Instead of Throwing Rocks: a Census, a Tuition Protest

Perhaps in a sign that most Palestinians are today longing for normalcy - or prefer peaceful protest - the tenth anniversary of the Palestinian intifadah, or uprising, was used to kick off a new census. It aims to include residents of East Jerusalem, raising the ire of the Israeli government.

And in Ramallah, students from An-Najah University in Nablus came to the Palestinian parliament to protest the bane of students worldwide: a possible tuition hike.

"The intifadah is still a priority but education is the weapon we can fight with," says student Fathi Khoran. Whereas he once protested against the Israeli army presence in Nablus - which the 1993 Olso accords removed - this demonstration targeted the Palestinian Authority and Hanan Ashrawi, the minister of higher education.

The mood is different in areas where Palestinians still live under Israeli control.

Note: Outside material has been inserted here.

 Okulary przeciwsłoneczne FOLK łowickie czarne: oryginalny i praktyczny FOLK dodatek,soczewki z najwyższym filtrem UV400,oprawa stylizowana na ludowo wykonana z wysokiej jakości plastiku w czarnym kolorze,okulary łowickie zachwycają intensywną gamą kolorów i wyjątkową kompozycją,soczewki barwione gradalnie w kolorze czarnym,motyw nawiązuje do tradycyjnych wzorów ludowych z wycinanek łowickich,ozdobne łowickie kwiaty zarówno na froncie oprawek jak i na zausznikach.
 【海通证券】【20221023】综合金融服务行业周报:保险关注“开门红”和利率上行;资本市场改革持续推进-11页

Boys in the Shuafat refugee camp near Jerusalem took advantage of the anniversary to stone cars with Israeli license plates.

The effectiveness of the intifadah as a tool was diminished by the success of the Oslo accords. With their signing four years ago, autonomy was granted to major Palestinian population centers. And the main target of rebellion - Israeli soldiers - was removed.

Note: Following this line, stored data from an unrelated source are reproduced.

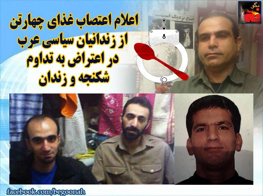 #بگونه :به گزارش منتشره در وبلاگ طلايه داران، چهار زنداني سياسي از هم وطنان عرب اهوازي در استان خوزستان، در اعراض به تداوم شكنجه و مرگ تدريجي و زندان غير قانوني و غير انساني در شكنجه گاههاي رژيم قرون وسطايي ولايت فقيه اعلام اعتصاب غذا كردند.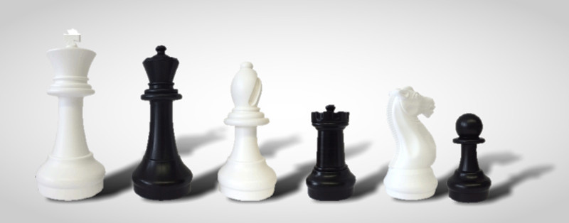 Prepracované plastové šachové figúrky pre záhradný šach menších rozmerov, výška 22-40 cm.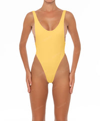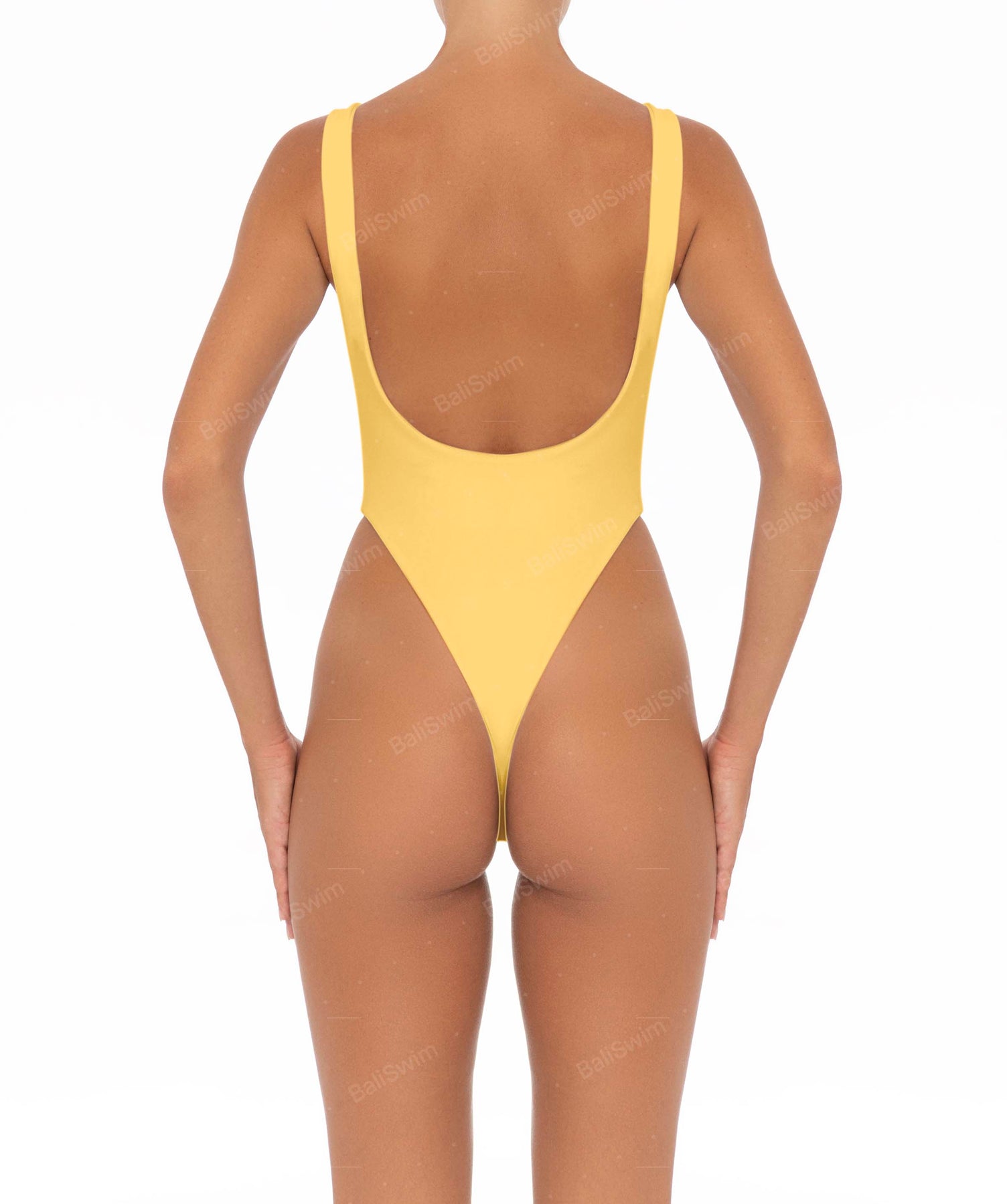 - Detail Feature: Scoop neck one-piece with drop armholes, a low back, and a high-cut leg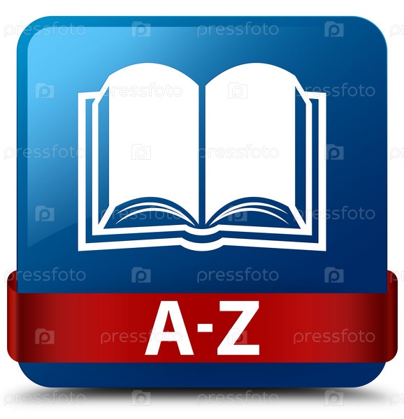 A-Z (икона книги) синяя квадратная кнопка красная лента посередине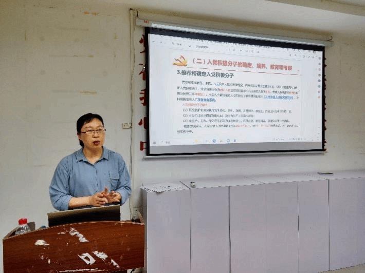 课上,姜蓉老师围绕“发展党员工作流程”,详细讲授了党组织对入党申请人、入党积极分子、发展对象、预备党员的确定、培养、教育和考察,阐述了向党组织靠拢成为一名中共正式党员的相关要求。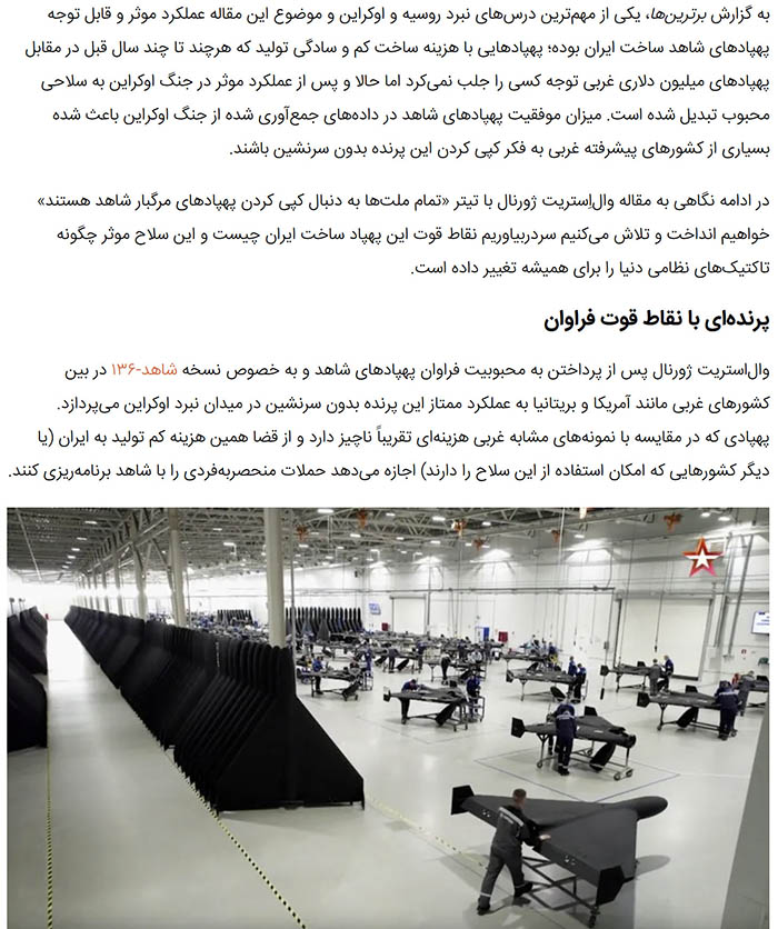 Western nations are interested in reducing dependency on foreign technology and developing indigenous or allied drone manufacturing capabilities. The simple design and mass production potential of Shahed drones make them an ideal model for developing domestic drones that are easy to produce and customize.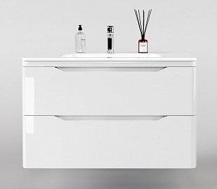 Тумба подвесная "Марелла 90" (2 ящ.) Люкс антискрейтч белый глянец, PLUS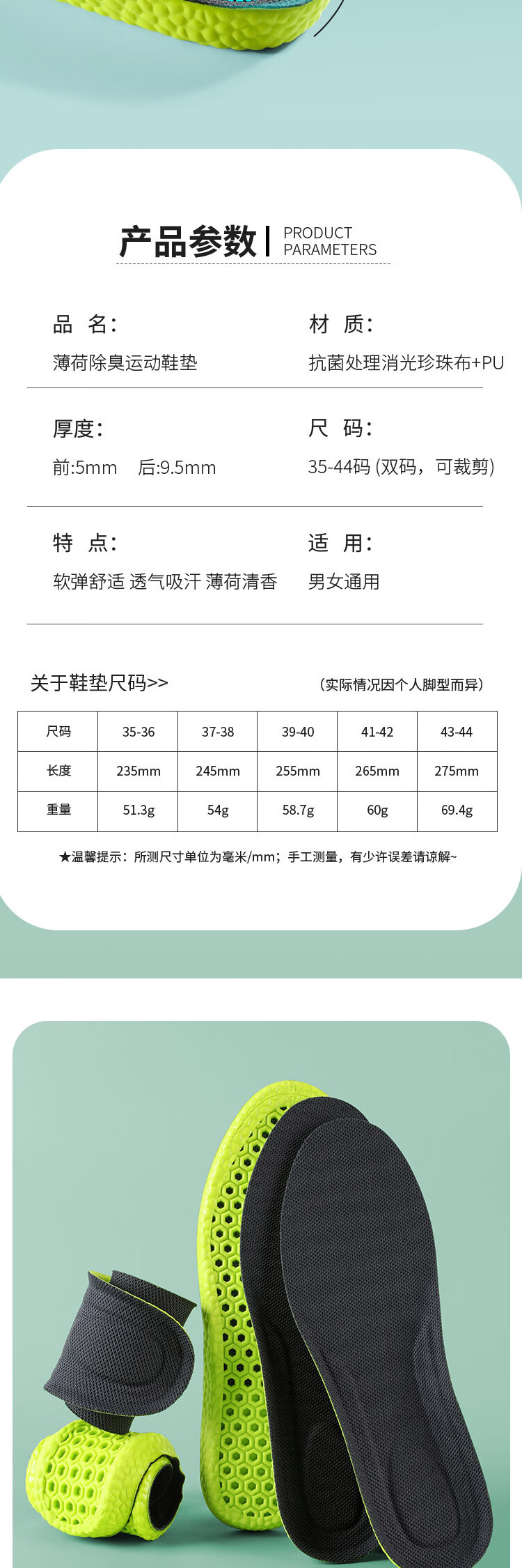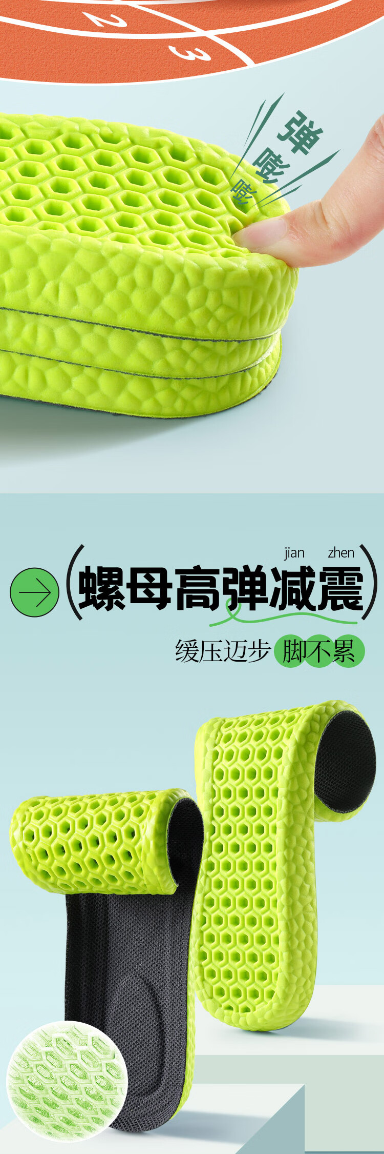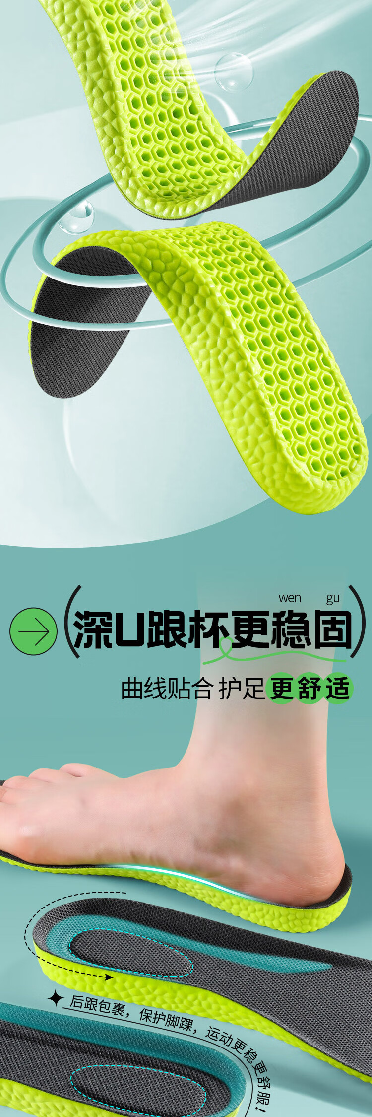 乐拓行运动鞋垫男艾草除臭软弹站久不累减震防痛吸汗防臭透气抗菌不闷脚 2双【绿黑】运动减震/艾草除臭 4142码 可裁剪更贴合鞋型

But periodic intifadah-style clashes outside the mains cities, as well as a three-day relapse into violence last year when Palestinian police and Israeli soldiers turned their guns on each other, suggest that a new intifadah could be deadlier than before.

"For those people in Shuafat nothing has changed," say Hussan Khader, a onetime demonstrator now in Yasser Arafat's government. And for the people who live in areas of the West Bank and Gaza Strip where there has been real change, many feel they haven't been compensated for losses they sustained in the intifadah. Many veterans were given jobs as Palestinian police.

But even low-paying sectors can't absorb all the young and unemployed. As one official said: "For every intifadah leader who is now director-general in a ministry, you have a hundred who are in bakery shops."